Yeah, well I like to think that I'm able to, lol.


----------



## stillakidatheart

Kind of like books, I flip through a couple pages thoroughly and if there isn’t much, I don’t bother reading people. I’m not sure. I doubt my intuition that something is wrong and all. But then, I really like to know what/how/why people feel the way they do on certain things. Sometimes I get too absorbed, and it disappoints me as I think I can get too carried away with trying to observe people rather than just getting to know them. I observe a lot from people, strangers, acquaintances, but don’t interact much. When I am genuinely interested in a new/close friend, I find that I am able to read how they feel easily.


----------



## Random Ness

Nope. But I can make bad guesses.


----------



## Manhu

When introducing myself to a new person, I might completely miss his/her name when I'm focusing to all these movements, expressions and voice nuances. Then I have to apologize and ask their name again later, which can be embarrasing.
I can easily spot what is going on and start speaking accordingly in that situation. Sometimes I can just spot right away if I can or can not talk to this person fluently or if its going to be awkward.


----------



## remMUS

Not unless they have exposed tattoos that are words...


----------



## Lootosh

I'm a teenager and reading other people is what gets me through my day. I like to work out everything going on inside others minds. I've always found this to be the route of why I don't like many of them; they're so weak.


----------



## enigmawrappedinbacon

Artifice is particularly noticeable, or at least annoying  to me. Like when people are trying to manipulate others, trying to be seen in a certain way....blurgh. I might well not notice much of it but it bugs me when I do.

I think I have a decent handle on what people value in themselves/how they like to be perceived by others. And thus what I can compliment them on in front of other people to make them feel good, or say directly to them. (Not blowing smoke up skirts, not bullshitting, just social management when, for instance, socializing with a few people who don't know each other. Or when a friend is feeling depressed. I don't blow smoke and am always sincere with compliments and encouragement; it's the soft and fuzzy side of the double-edged sword of my ENTPness.)

I do fall short in figuring out who's a total asshole. I can get a sense of jerk-ness but never figure that it's as bad as it sometimes is. On the other hand, people don't usually try shit with me that they try with other people so I'm not exposed to the Dark Underbelly. (Dark Underbelly? Sure, let's say that's a phrase.  )


----------



## Strand

Its hard to read people like a book.
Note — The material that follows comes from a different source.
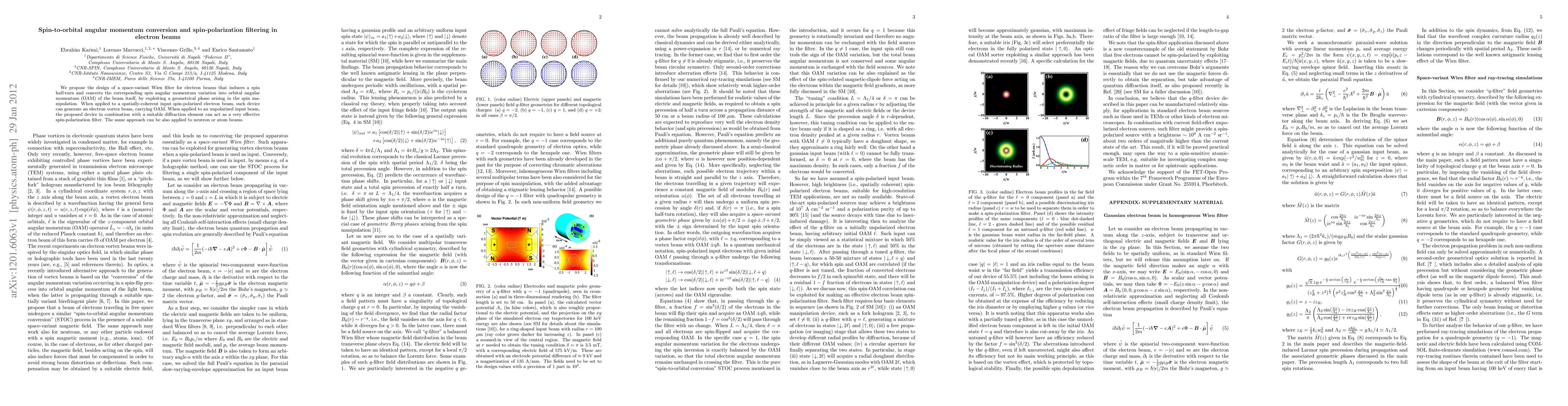 We propose the design of a space-variant Wien filter for electron beams that induces a spin half-turn and converts the corresponding spin angular momentum variation into orbital angular momentum of the beam itself by exploiting a geometrical phase arising in the spin manipulation. When applied to a spatially coherent input spin-polarized electron beam, such a device can generate an electron vortex beam, carrying orbital angular momentum. When applied to an unpolarized input beam, the proposed device, in combination with a suitable diffraction element, can act as a very effective spin-polarization filter. The same approach can also be applied to neutron or atom beams.

The fact that people usually hides their emotions and preferences. If i try reading them, its just the same as interpreting them base only on what i know but not the truth.


----------



## noelani887

To a certain extent, but I'm also against judging people and don't want to act like I magically know everything about someone when I don't because that's douchey.


----------



## question my existence

Yes, I'm fairly good at reading people but some are harder to read than others. Generally they give off some sort of energy though and their eyes reveal a lot.


----------



## lifefullofwords

I can read people very well, although it's nothing like reading a book... I'm really not a fan of that idiom. Anyway, some people are easier to read than others, and obviously the longer you have known someone, the easier it is to read him or her. With people I'm really close to I can practically read their minds. Sometimes I'm more aware of other people's emotions than they are, which not everyone appreciates.


----------



## Hanaseru

I am not the best at reading people, but I'm certainly not the worst either.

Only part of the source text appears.